I am pleased to announce that the Papers of Henry J. Friendly have been processed and are now open to the public.
Henry Friendly (HLS ’27) served on the United States Court of Appeals for the Second Circuit from 1959-1974, serving as Chief Judge from 1971-1973. He clerked for Louis Brandeis in 1927-1928 and then entered private practice where he worked for the next 31 years before his appointment to the Second Circuit by President Eisenhower.
The majority of the materials found in the Henry J. Friendly Papers reflect his career as a federal judge on the Second Circuit Court of Appeals. Judge Friendly’s case files constitute the bulk of the collection. Also of interest are his bench books which contain hand-written notes on the cases he heard from 1959 to 1985. The collection also holds a small amount of Judge Friendly’s professional and personal correspondence, some of which dates back to his time as a student at Harvard University.

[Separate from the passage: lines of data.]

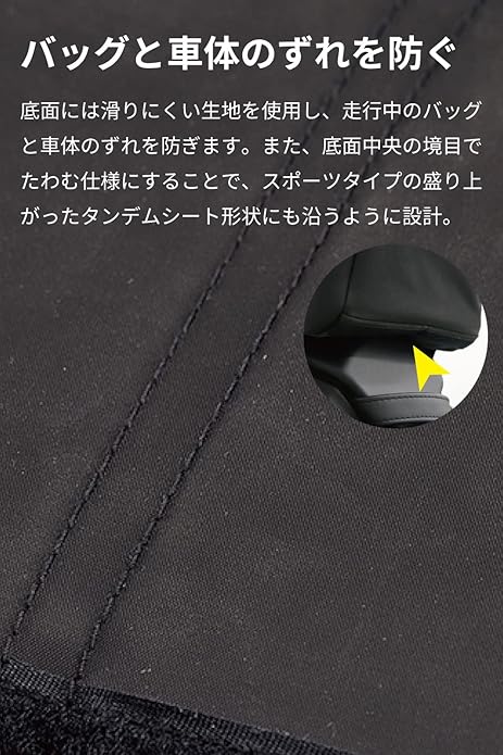 【 バッグと車体のずれを防ぐ 】 底面には滑りにくい生地を使用し、走行時にバッグが車体からずれることを防ぎます。 また、底面の境目でたわむ仕様にすることで、一部車両の盛り上がったタンデムシート形状にも沿うように設計。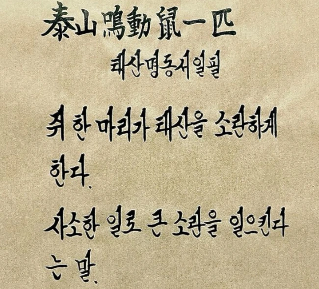 태산명동서일필(太山鳴動鼠一匹)이란 말이 있다. 글자 그대로 해석하면 ‘태산이 무너질 듯한 소리가 나더니 새앙쥐 한 마리 지나가더라’란 뜻이다. 시작만 요란하고 결과가 형편없거나 소문이나 큰 기대에 비해 나온 결과물이 보잘것없을 때 쓰는 말이다.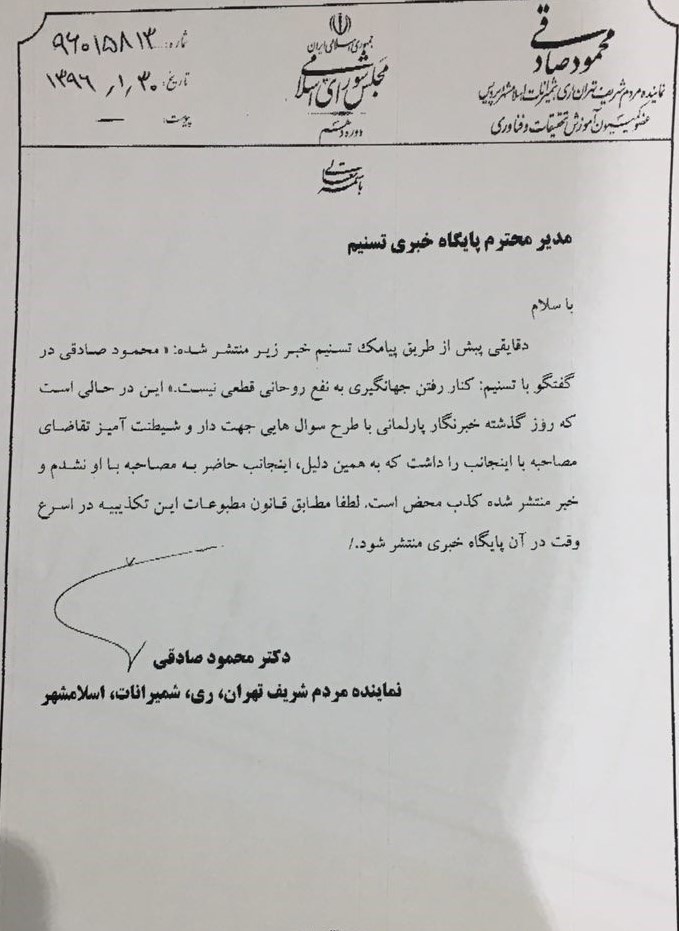 به گزارش خبرنگار سیاسی خبرگزاری تسنیم، روز گذشته محمود صادقی نماینده مردم تهران در مجلس شورای اسلامی طی گفتوگویی با خبرنگار پارلمانی خبرگزاری تسنیم، قطعی بودن انصراف جهانگیری به نفع حسن روحانی را تکذیب نکرده و این مهم را منوط به اقتضای شرایط و صحنه انتخابات دانسته، اما وی در اقدامی غیرحرفهای اصل مصاحبه با خبرنگار تسنیم را تکذیب کرده و مدعی شده که وی حاضر به پاسخگویی به سؤالات خبرنگار تسنیم که به گفته وی، جهتدار و شیطنت آمیز بوده، نشده است.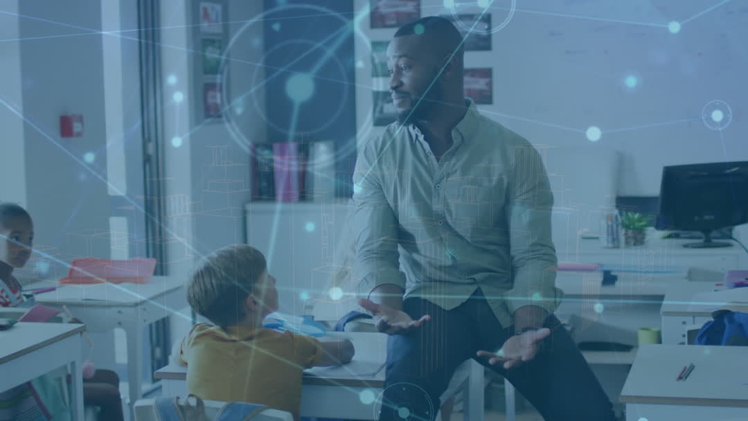 Teacher engaging with diverse students in a classroom, depicted alongside digital network and city graphics. Highlights integration of technology into education, promoting STEM learning and global connectivity. Useful for educational materials, promotional content about technology in teaching, and insights into innovative learning environments.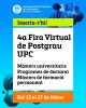 Del 23 al 27 de febrer, la UPC organitza la Fira Virtual de Postgrau UPC en la què s’informarà de l’àmplia oferta d’estudis de postgrau de la Universitat i en la que tindreu l’oportunitat de participar en les sessions informatives dels màsters de l'Escola de Camins. Consulteu el calendari de sessions i inscriviu-vos!

Judge Friendly was a respected jurist who, though never nominated, was considered for the Supreme Court by President Nixon. In this, of course, he is not alone. In a recent op-ed piece in the Boston Globe, Harvard Law School Professor Charles Fried mentioned Henry Friendly along with Paul Freund and Learned Hand as three highly regarded jurists who were considered for the Supreme Court but never nominated.
The Harvard Law School Library is custodian of the Papers of all three of these notable legal thinkers. The Learned Hand Papers were processed in 1968; the Paul Freund Papers in 2006; and now we can add the Henry Friendly Papers to the Library’s Modern Manuscript collection. All three of these collections are large and comprehensive and hold great value to researchers.
Detail of letter from Felix Frankfurter to Friendly congratulating him on his appointment to the Second Circuit. Henry Jacob Friendly Papers, box 235, Harvard Law School Library.
I would like to thank Margaret Peachy for her hard work in finishing this project in time for the summer research season. The finding aid for the Friendly Papers can be found on OASIS.
When I search the Friendly Papers at Oasis for “Felix Frankfurter”, the letter above in the photograph is not found; what am I missing?